[Opening Source data section]

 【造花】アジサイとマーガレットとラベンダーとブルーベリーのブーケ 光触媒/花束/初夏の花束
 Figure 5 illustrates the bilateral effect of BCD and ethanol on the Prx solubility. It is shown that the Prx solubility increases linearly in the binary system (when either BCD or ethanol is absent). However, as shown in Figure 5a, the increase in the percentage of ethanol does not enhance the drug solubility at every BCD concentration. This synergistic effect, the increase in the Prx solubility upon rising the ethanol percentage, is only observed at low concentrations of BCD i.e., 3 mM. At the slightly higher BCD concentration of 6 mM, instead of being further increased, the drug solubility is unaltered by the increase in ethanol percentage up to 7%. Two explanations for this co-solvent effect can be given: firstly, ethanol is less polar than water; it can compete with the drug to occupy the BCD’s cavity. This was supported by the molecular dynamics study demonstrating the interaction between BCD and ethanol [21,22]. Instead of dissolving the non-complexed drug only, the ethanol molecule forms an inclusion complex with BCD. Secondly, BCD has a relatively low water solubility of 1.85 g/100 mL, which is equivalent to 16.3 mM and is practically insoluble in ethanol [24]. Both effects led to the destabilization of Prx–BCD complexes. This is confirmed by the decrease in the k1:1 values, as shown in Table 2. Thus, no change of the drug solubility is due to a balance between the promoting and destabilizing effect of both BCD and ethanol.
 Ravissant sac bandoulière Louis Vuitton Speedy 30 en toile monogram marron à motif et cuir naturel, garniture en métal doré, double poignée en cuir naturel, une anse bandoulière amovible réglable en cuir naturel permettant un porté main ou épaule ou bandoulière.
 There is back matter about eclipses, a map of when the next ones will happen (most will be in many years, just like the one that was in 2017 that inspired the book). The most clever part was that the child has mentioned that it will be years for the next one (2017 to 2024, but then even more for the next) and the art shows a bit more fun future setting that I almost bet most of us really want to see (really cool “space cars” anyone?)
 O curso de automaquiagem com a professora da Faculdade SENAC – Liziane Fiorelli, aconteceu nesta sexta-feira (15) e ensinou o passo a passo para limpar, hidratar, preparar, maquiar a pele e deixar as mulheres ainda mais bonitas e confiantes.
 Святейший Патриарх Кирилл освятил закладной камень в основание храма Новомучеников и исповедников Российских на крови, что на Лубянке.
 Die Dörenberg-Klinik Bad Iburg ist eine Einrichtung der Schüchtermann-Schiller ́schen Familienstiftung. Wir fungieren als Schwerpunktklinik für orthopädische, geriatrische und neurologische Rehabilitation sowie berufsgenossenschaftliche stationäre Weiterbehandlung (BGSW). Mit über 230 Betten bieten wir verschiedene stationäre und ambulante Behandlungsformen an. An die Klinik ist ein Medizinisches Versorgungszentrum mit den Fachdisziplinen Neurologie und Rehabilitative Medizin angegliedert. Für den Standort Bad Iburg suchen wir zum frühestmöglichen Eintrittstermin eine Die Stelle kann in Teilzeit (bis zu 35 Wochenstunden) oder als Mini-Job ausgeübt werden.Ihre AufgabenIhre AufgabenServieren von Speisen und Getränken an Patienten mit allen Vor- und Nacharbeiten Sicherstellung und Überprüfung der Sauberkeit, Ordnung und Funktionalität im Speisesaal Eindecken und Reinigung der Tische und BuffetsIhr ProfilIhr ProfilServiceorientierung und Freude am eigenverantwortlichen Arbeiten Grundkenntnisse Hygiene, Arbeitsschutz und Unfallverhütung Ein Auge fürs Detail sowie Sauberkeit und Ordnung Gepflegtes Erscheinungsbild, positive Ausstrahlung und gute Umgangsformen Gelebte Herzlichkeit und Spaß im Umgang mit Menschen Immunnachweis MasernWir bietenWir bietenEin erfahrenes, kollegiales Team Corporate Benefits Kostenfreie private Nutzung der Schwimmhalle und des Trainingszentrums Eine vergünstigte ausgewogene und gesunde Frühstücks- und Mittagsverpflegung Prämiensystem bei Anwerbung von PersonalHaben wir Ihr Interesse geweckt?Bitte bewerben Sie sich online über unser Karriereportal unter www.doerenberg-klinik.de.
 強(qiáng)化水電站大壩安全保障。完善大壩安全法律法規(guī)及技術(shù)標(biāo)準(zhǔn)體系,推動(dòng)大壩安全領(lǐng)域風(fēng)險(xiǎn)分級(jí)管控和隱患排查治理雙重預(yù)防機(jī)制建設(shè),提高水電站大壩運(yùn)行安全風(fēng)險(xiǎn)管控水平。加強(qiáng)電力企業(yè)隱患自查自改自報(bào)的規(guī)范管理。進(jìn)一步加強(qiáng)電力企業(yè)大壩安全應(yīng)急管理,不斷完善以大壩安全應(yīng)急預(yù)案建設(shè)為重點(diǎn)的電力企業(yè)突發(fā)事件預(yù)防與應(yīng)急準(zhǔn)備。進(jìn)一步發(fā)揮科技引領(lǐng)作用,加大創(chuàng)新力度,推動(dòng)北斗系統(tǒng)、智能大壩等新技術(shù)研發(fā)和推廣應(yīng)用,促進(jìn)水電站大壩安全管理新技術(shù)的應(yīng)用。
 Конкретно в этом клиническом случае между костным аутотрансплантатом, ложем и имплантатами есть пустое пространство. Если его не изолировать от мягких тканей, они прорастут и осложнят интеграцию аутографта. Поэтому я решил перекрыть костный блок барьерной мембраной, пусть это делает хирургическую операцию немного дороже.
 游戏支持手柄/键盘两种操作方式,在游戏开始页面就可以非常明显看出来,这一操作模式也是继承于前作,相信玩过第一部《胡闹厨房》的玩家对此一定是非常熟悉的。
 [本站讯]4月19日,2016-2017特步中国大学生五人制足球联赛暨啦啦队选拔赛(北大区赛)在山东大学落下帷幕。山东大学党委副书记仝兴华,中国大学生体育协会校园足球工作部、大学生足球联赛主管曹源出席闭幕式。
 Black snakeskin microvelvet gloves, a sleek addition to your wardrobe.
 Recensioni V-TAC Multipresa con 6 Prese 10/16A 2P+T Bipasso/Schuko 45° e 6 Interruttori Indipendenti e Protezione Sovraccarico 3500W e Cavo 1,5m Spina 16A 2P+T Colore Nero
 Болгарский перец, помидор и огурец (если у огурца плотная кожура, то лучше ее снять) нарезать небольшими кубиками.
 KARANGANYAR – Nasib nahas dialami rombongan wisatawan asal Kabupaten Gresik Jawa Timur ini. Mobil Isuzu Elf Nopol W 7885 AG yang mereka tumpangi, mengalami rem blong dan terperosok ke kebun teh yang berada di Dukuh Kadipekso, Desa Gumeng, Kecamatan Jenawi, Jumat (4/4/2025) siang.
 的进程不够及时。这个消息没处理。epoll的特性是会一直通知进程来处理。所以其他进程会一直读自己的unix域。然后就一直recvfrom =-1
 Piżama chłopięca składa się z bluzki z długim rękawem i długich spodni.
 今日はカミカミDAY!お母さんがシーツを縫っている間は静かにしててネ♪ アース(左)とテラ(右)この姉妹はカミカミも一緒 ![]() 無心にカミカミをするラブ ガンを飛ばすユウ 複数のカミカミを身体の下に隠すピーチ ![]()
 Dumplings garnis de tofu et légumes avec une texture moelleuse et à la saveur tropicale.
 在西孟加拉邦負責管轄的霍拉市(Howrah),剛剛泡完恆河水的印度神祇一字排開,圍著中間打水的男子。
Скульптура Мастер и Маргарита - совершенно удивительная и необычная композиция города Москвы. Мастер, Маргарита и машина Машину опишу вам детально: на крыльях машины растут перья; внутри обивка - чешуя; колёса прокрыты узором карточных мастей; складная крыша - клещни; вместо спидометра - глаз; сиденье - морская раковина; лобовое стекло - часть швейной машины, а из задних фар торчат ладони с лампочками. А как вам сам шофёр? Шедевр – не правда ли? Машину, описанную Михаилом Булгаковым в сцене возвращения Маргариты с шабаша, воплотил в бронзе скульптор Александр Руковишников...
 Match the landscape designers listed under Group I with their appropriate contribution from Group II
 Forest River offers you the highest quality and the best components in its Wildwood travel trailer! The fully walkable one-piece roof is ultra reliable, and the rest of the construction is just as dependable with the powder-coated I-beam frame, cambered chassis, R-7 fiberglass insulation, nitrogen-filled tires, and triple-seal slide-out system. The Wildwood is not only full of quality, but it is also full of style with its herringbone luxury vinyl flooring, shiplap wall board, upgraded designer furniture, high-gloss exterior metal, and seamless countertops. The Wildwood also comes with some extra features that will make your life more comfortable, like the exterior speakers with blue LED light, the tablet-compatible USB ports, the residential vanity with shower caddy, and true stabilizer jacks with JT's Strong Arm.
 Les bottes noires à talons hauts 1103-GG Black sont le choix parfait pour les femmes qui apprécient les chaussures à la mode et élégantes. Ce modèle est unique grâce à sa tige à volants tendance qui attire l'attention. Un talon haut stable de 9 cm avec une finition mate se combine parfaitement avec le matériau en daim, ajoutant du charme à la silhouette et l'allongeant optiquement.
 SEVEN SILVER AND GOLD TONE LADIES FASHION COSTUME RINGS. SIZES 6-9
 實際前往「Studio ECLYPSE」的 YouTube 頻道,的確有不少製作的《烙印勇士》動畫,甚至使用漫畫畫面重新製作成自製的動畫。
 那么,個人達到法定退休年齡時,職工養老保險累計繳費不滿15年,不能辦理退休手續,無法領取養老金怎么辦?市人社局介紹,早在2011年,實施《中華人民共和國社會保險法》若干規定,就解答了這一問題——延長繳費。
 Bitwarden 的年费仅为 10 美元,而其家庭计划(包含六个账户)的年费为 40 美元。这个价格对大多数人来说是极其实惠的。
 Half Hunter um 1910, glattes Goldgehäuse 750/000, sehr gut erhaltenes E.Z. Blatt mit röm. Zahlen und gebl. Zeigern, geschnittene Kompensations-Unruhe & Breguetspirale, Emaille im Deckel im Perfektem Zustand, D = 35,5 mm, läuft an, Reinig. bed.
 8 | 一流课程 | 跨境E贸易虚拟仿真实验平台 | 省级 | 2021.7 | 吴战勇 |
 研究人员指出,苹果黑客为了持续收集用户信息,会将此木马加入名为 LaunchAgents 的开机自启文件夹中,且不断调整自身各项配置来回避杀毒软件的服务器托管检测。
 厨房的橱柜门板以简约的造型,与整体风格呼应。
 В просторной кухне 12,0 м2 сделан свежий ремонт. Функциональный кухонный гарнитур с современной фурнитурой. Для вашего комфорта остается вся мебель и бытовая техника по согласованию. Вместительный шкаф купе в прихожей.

[Closing Source data section]

**What you should do**. Set the lines down exactly, from the first line of the records to the line where "Figure 5 illustrates" appears, with both ends kept.

**Response to the task**.
 【造花】アジサイとマーガレットとラベンダーとブルーベリーのブーケ 光触媒/花束/初夏の花束
 Figure 5 illustrates the bilateral effect of BCD and ethanol on the Prx solubility. It is shown that the Prx solubility increases linearly in the binary system (when either BCD or ethanol is absent). However, as shown in Figure 5a, the increase in the percentage of ethanol does not enhance the drug solubility at every BCD concentration. This synergistic effect, the increase in the Prx solubility upon rising the ethanol percentage, is only observed at low concentrations of BCD i.e., 3 mM. At the slightly higher BCD concentration of 6 mM, instead of being further increased, the drug solubility is unaltered by the increase in ethanol percentage up to 7%. Two explanations for this co-solvent effect can be given: firstly, ethanol is less polar than water; it can compete with the drug to occupy the BCD’s cavity. This was supported by the molecular dynamics study demonstrating the interaction between BCD and ethanol [21,22]. Instead of dissolving the non-complexed drug only, the ethanol molecule forms an inclusion complex with BCD. Secondly, BCD has a relatively low water solubility of 1.85 g/100 mL, which is equivalent to 16.3 mM and is practically insoluble in ethanol [24]. Both effects led to the destabilization of Prx–BCD complexes. This is confirmed by the decrease in the k1:1 values, as shown in Table 2. Thus, no change of the drug solubility is due to a balance between the promoting and destabilizing effect of both BCD and ethanol.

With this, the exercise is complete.